What is a DMARC policy?

Use Sendmarc’s DMARC policy management feature to simplify the creation and monitoring of your business’s Domain-based Message Authentication, Reporting, and Conformance (DMARC) policy. Strengthen email security and improve deliverability – without complex technical hurdles.

 

Get started today to:

  • Monitor and analyze email traffic
  • Enforce protection against domain spoofing
  • Optimize authentication for better deliverability

Secure your emails and build trust with Sendmarc’s expert solutions.

Why a DMARC policy matters for email security

A DMARC policy is a set of rules that domain owners publish in the DNS. These rules instruct receiving email servers on how to handle messages that fail authentication checks. DMARC helps prevent domain spoofing, phishing, and other email-based threats by specifying whether to deliver, quarantine, or reject unauthenticated messages.

 

Organizations globally rely on DMARC to:

  • Improve email deliverability
  • Protect their domain reputation
  • Prevent impersonation and phishing attacks

Without DMARC, cybercriminals can impersonate your domain to send fraudulent messages – putting your company, partners, and customers at risk.

Implementing DMARC:

  • Protects your domain from unauthorized use
  • Helps prevent phishing and spoofing attacks
  • Improves the delivery of legitimate emails
  • Provides reports to monitor email traffic and detect abuse

By enforcing DMARC, domain owners gain control over how unauthenticated emails are handled, reducing risk and strengthening their email security posture.

Understanding DMARC policy options

DMARC policies are set using the p tag in the DMARC record.
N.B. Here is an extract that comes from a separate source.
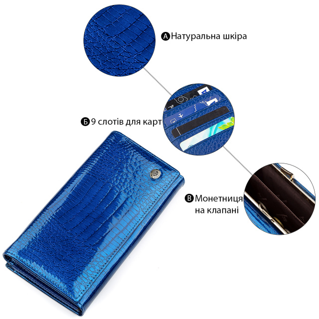 Отличный кошелек с натуральной кожи, представлен в синем цвете, который легко сможет выделить индивидуальность хозяйки. Прекрасно продуманный и проработанный функционал обеспечивает достаточную вместительность с вшитыми отделениями и отсеками, а также карманов для мелких ценных вещей. Порадует и фирменная коробка, благодаря которой подарок станет еще лучшим и вызывающим.

There are three policy options:
Policy Effect on failing emails
none Delivers all emails, including unauthenticated ones; generates reports for analysis
quarantine Moves failing emails to recipients’ Spam or Junk folders
reject Rejects emails that fail DMARC checks completely
Starting with p=none allows businesses to monitor their email environments and identify legitimate sources without affecting delivery. Gradually progressing to quarantine and eventually reject reduces the risk of blocking valid messages while strengthening security.

How a DMARC policy works with email headers

DMARC works by validating the ‘From’ header in an email against two email authentication standards:

For a message to pass DMARC, either SPF or DKIM must pass authentication. If both protocols fail, the policy instructs the receiving server on how to handle the message.

DMARC header validation summary:

  • Check the SPF and DKIM authentication results
  • Apply the domain owner’s policy (none, quarantine, or reject)
  • Send reports to the domain owner for analysis

Simplify DMARC adoption today with Sendmarc

How to set up a DMARC policy

To publish a policy:

  1. Create a DMARC record as a TXT entry in your domain’s DNS
  2. Define your policy using the p tag (none, quarantine, or reject)
  3. Add email addresses for reports using the rua (aggregate) and ruf (forensic) tags
  4. Publish the DMARC record

Example DNS record:

HostTypeValue
_dmarc.yourdomain.comTXTv=DMARC1; p=reject; rua=mailto:[email protected]; fo=1;

Use DMARC validation tools to confirm that the record is correctly published.

How to change a policy

To strengthen enforcement over time:

  • Update the p tag from none to quarantine and eventually reject
  • Use the pct tag to gradually apply the policy to a percentage of emails
  • Monitor reports to ensure legitimate emails aren’t being affected

How to check a policy

  • Use a DMARC record checker
  • Review aggregate and forensic reports sent to the specified email addresses
  • Confirm that the DNS TXT record includes the correct policy and reporting settings
  • Ensure SPF and DKIM are properly configured

Sign up for Sendmarc’s email security solutions to access expert guidance and automated tools for DMARC setup, monitoring, and optimization.

Or book a demo today to secure your organization’s email environment.

DMARC policy FAQs

What is a DMARC policy?

A DMARC policy is a set of rules published in the DNS that instructs email receivers on how to handle messages that fail authentication checks. DMARC helps prevent domain spoofing, phishing, and other forms of email fraud.

To enable a DMARC policy, publish a DMARC TXT record in your domain’s DNS. The record must include the p tag with a policy of none, quarantine, or reject.
To change a DMARC policy, update the p tag in the existing DMARC TXT record to a new policy value (none, quarantine, or reject). Use the pct tag to gradually apply enforcement to a percentage of emails before full implementation.

To check a DMARC policy, use online DMARC record checker tools. Also, review aggregate and forensic reports sent to your company’s specified email addresses to ensure its policy is working as intended.